I'th' higher world there's such communion:
Christ is the sunne that by his chearing might
Awakes our higher rayes to joyn with his pure light.

32

And when he hath that life elicited,
He gives his own dear body and his bloud
To drink and eat. Thus dayly we are fed
Unto eternall life. Thus do we bud,
True heavenly plants, suck in our lasting food
From the first spring of life, incorporate
Into the higher world (as erst I show'd
Our lower rayes the soul to subjugate
To this low world) we fearlesse sit above all fate,

33

Safely that kingdomes glory contemplate,
O'reflow with joy by a full sympathie
With that worlds sprite, and blesse our own estate,
Praising the fount of all felicitie,
The lovely light of the blest Deitie.
Vain mortals think on this, and raise your mind
Above the bodies life; strike through the skie
With piercing throbs and sighs, that you may find
His face.
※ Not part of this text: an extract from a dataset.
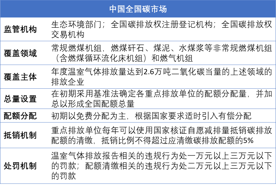 目前,中國的全國碳市場已經(jīng)進(jìn)入交易前的最后準(zhǔn)備階段。參考生態(tài)環(huán)境部發(fā)布的《2019-2020年全國碳排放權(quán)交易配額總量設(shè)定與分配實(shí)施方案(發(fā)電行業(yè))》、《碳排放權(quán)交易管理辦法(試行)》以及《碳排放權(quán)交易管理暫行條例(草案修改稿)》等文件,即將啟動(dòng)的全國碳市場將以生態(tài)環(huán)境部門為主要監(jiān)管機(jī)構(gòu)、覆蓋范圍為化石能源發(fā)電及發(fā)熱行業(yè)的二氧化碳排放,在初期通過基準(zhǔn)法確定各重點(diǎn)排放單位的配額分配量,并加總以形成全國配額總量。此外,初期的配額分配將以免費(fèi)分配為主,同時(shí)允許以國家核證自愿減排量抵銷碳排放配額,抵消比例不得超過應(yīng)清繳碳排放配額的5%。相關(guān)的機(jī)制設(shè)計(jì)見下表:
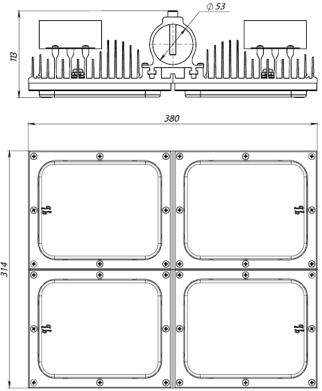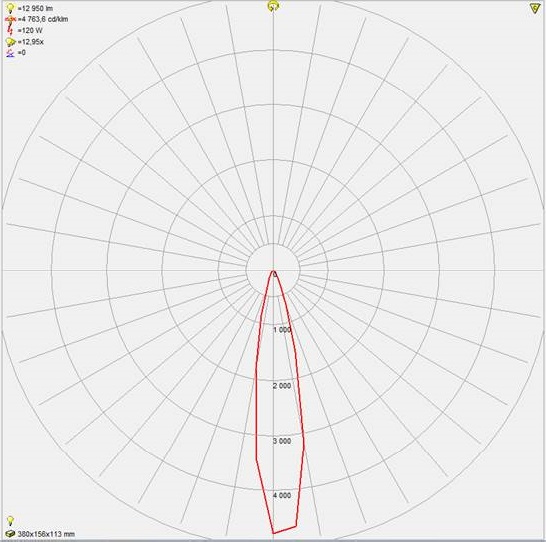 КСС- К (концентрированная) - 30 градусов - 25000Лм, Г (глубокая) -60 градусов - 23500Лм, Д (косинусная) - 110 градусов - 22500Лм, Ш (широкая) - 140х30 градусов - 21500Лм.

Base fleshly fumes your drowsie eyes thus blind.

34

So hath my Muse according to her skill
Discovered the soul in all her rayes,
The lowest may occasionate much ill,
But is indifferent. Who may dispraise
Dame Natures work? But yet you ought to raise
Your selves to higher state. Eternitie
Is the souls rest, and everlasting dayes:
Aspire to this and hope for victorie
I further yet shall prove her immortalitie.